Cross-phenotype meta-analysis methods

We examined the performance of ten published meta-analysis methods: (1) FEMA; (2) ASSET1; (3) ASSET2; (4) BE; (5) CPASSOC; (6) REMA; (7) HE-REMA; (8) Fisher; (9) WICS; (10) CPMA. We summarized the major characteristics of ten meta-analysis methods in Table 1. For further details of the methods, we refer to S1 Note and original publications[14–16,21–26].

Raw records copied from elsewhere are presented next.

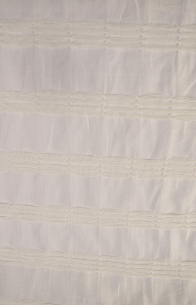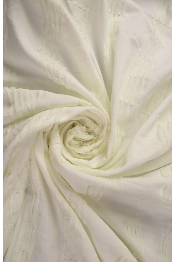 Talianska 100% bavlnená látka vo farbe écru s našitými tylovými stuhami, ktoré tvoria vodorovné pruhy široké asi 3 cm, každých 6 cm. Tenká, mierne priehľadná, neelastická látka - ideálna na šitie letnej blúzky, šiat alebo sukne.
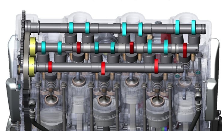 Piston engine layouts typically fall into three categories: inline, vee, and flat/boxer. The one setup you won’t find very often is the narrow-angle vee (or staggered cylinder) layout. Lancia was a pioneer of the format, introducing the 13-degree “Lambda” V-4 in 1922, and produced a series of narrow-angle designs up until the 1970s. A typical vee will have anything between 45 (Harley-Davidson V-twin) and 90 degree (Ducati L-twin). A narrow-angle vee (below 45 degrees) is so compact that both “banks” of cylinders can share the same block with a common cylinder head, making for a much more compact and lightweight package. You essentially combine the qualities of an inline engine with those of a vee – the block is as short as a vee, scarcely wider than an inline across the head, and shares the balance properties of an inline design. You get more cylinders into a much more compact package, with less complexity than a typical vee by combining the heads and block into a single unit.
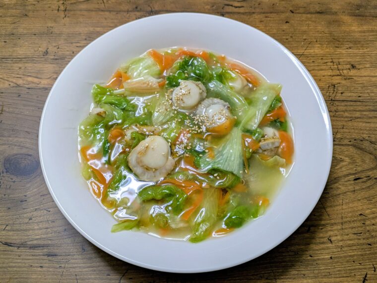 【レタス消費レシピ】ベビーホタテとレタスの中華あんかけ
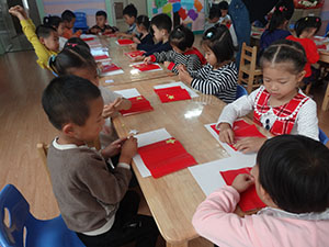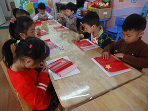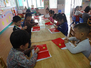 十月一日是国庆节,是祖国妈妈的生日。为了给祖国妈妈过生日,老师教我们中四班的小朋友做了国旗。我们在红色亮光纸上粘上五颗星星,还给红旗做了旗杆,是不是很漂亮!
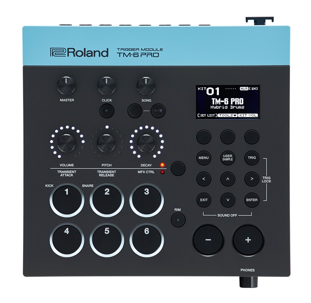 Roland TM-6 Pro Drum Trigger Module – триггерный модуль для гибридной барабанной установки. Предлагается 100 наборов ударных, 268 пресетов инструментов и 500 семплов, записанных в известнейших студиях, таких как Real World и Rockfield. Это звуки акустических ударных инструментов и электронные, включая «жирную» синтезаторную бочку, классические драм-машины, хлопки и звуковые эффекты (SFX). Кроме того, есть обработанные процессорами тембры, например, компрессированные бочки или малые барабаны, а также отдельные фазы звука. Последние позволяют акцентировать атаку малого барабана и добавить низких частот бочке.

Simulation studies to assess power and type I error rates

We generated 10,000 sets of association summary statistics for K study traits (K = 5, 8, 10), assuming causal SNPs in Hardy-Weinberg equilibrium with the population minor allele frequency (MAF) f (f = 0.1). We refer to the number of traits with non-null effects as T_a (2 ≤ T_a ≤ K). To examine a list of scenarios with various heterogeneous effects, we tested three types of effect size distributions: (1) normal distribution, (2) bimodal normal distribution, and (3) uniform distribution. For the normal distribution, the effect size β_i was selected from N (ln(μ), (kln(μ))²) where μ = 1.1 and k = 0.5 (i ∈ {1,2,…,K}). When a trait was not associated with an SNP, the effect size β_i was drawn from N (0, (kln(μ))²) where k = 0.25. For traits with opposite directional effects, we assigned a negative sign once the effect size β_i is randomly selected for the trait. For the scenario of bimodal normal distribution, the effect size β_i of each trait was generated from one of two independent normal distributions, N (0.5ln(μ), (kln(μ))²) and N (1.5ln(μ), (kln(μ))²), with equal probabilities. Under the uniform distribution, we chose the effect size β in the range of 0 to 2ln(μ). We assumed an equal number of subjects for K traits, setting N cases and N controls (N = 1,000). Given a randomly selected effect size and N, the MAF of a variant in cases was calculated assuming the control MAF f, and the 1-degree-of-freedom chi-square test was conducted for assessing association with each trait. This procedure was repeated 10,000 times for K traits under each setting. We repeated the same procedure assuming the odds ratios (ORs) μ of 1.2.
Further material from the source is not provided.